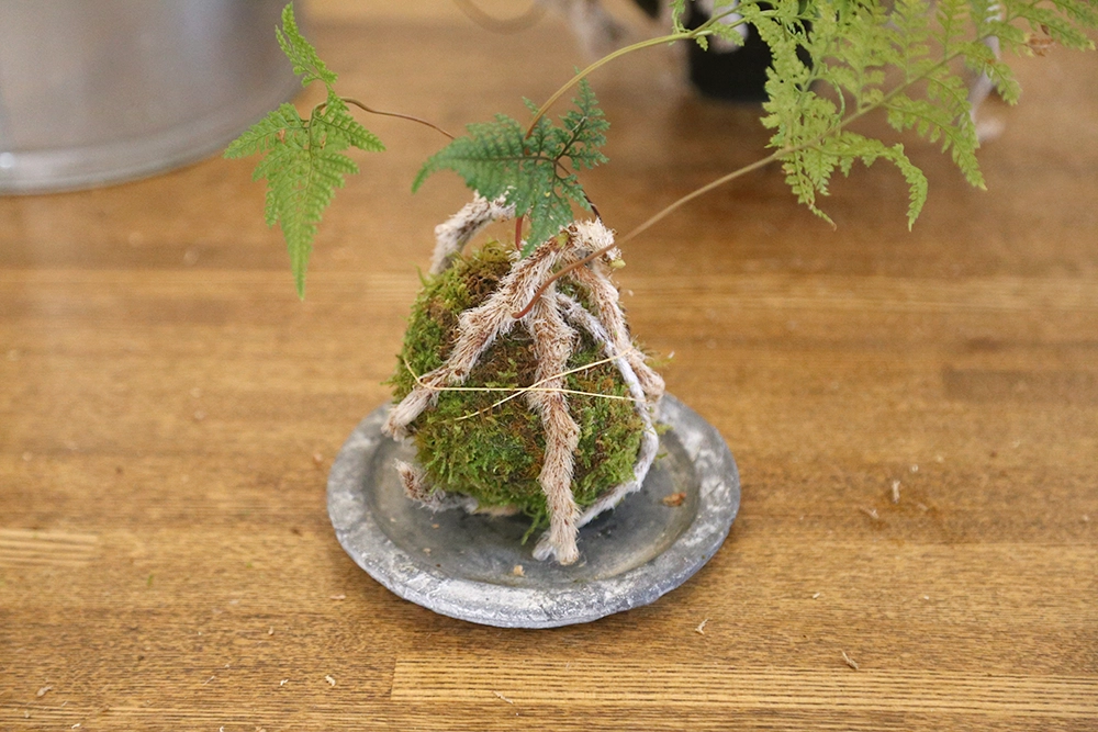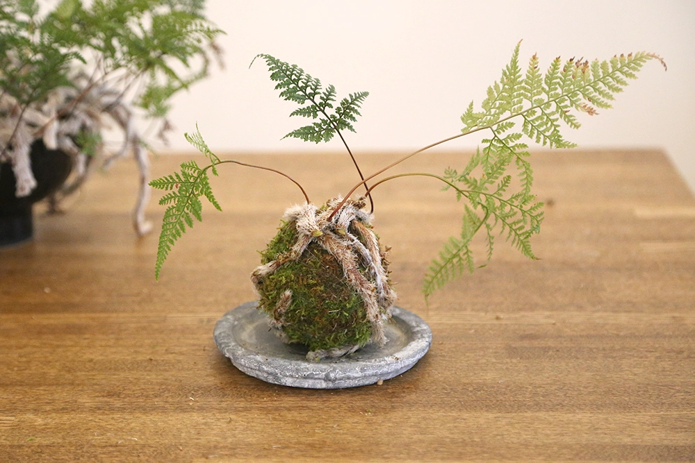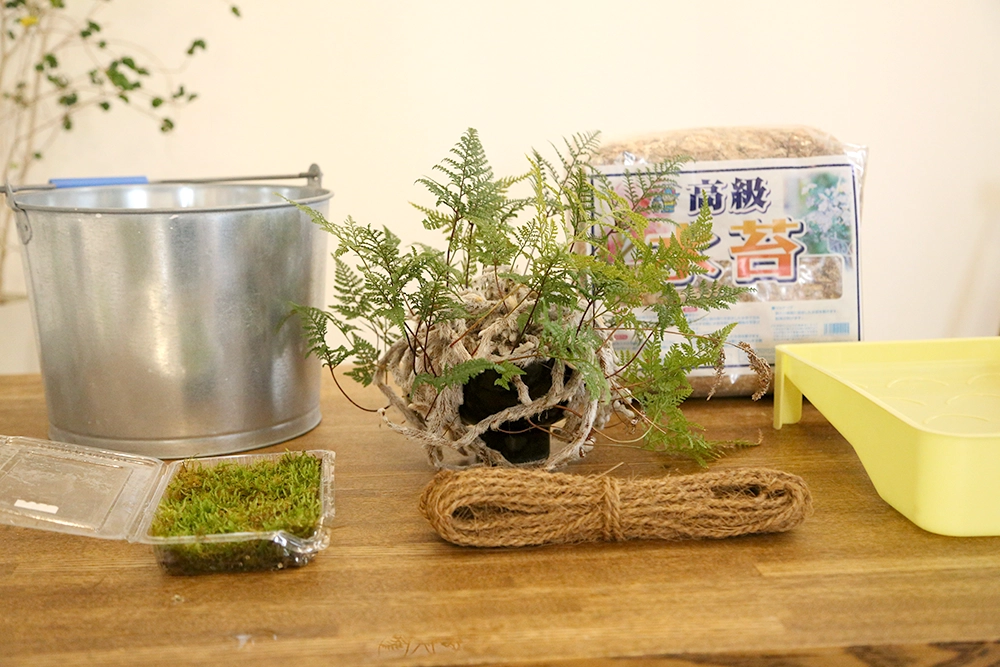 今回表面にはハイゴケを使用しました。ハイゴケは比較的扱いやすく、柔らかいため苔玉に巻きやすいのが特徴です。見た目もやわらかく、トキワシノブの雰囲気とよく合います。
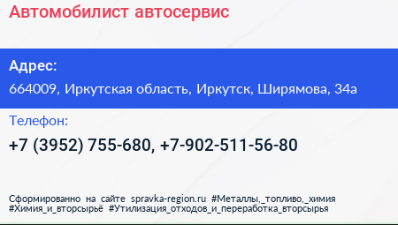 Автомобилист, автосервис по адресу 664009, Иркутская область, Иркутск, Ширямова, 34а в дальнейшем Организация, размещена в следующих категориях:
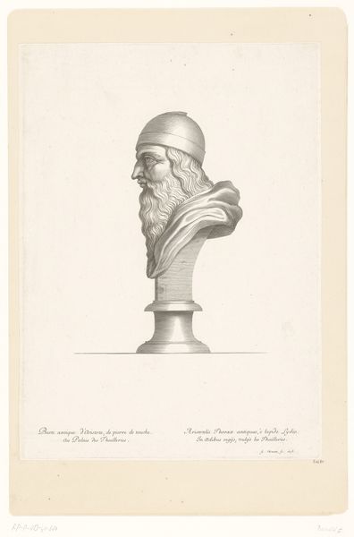 Etienne Baudet created this print of an antique bust of Minerva, likely using engraving techniques. The composition immediately draws the eye to the smooth, curvilinear forms of the bust, contrasted against the flatness of the background. The monochromatic palette enhances the sculpture's contours and emphasizes its classical origins. Consider how Baudet uses line and shadow to create depth. The incised lines define Minerva’s helmet and facial features, giving a sense of three-dimensionality on a two-dimensional surface. This technique reflects a broader interest in the period with classical forms and the representation of volume and space. The print engages with the philosophical notion of mimesis, or imitation, a cornerstone of classical aesthetics. Baudet isn’t merely copying an object; he’s interpreting and translating sculpture into another medium. This invites us to think about the nature of representation itself. The clean lines and formal structure, invites us to view art as a site of intellectual inquiry and cultural dialogue.

Required work: From the first line above to the line containing "Автомобилист, автосервис по", repeat each line exactly. Pictures stay out.

Solution to the problem:
 今回表面にはハイゴケを使用しました。ハイゴケは比較的扱いやすく、柔らかいため苔玉に巻きやすいのが特徴です。見た目もやわらかく、トキワシノブの雰囲気とよく合います。
 Автомобилист, автосервис по адресу 664009, Иркутская область, Иркутск, Ширямова, 34а в дальнейшем Организация, размещена в следующих категориях:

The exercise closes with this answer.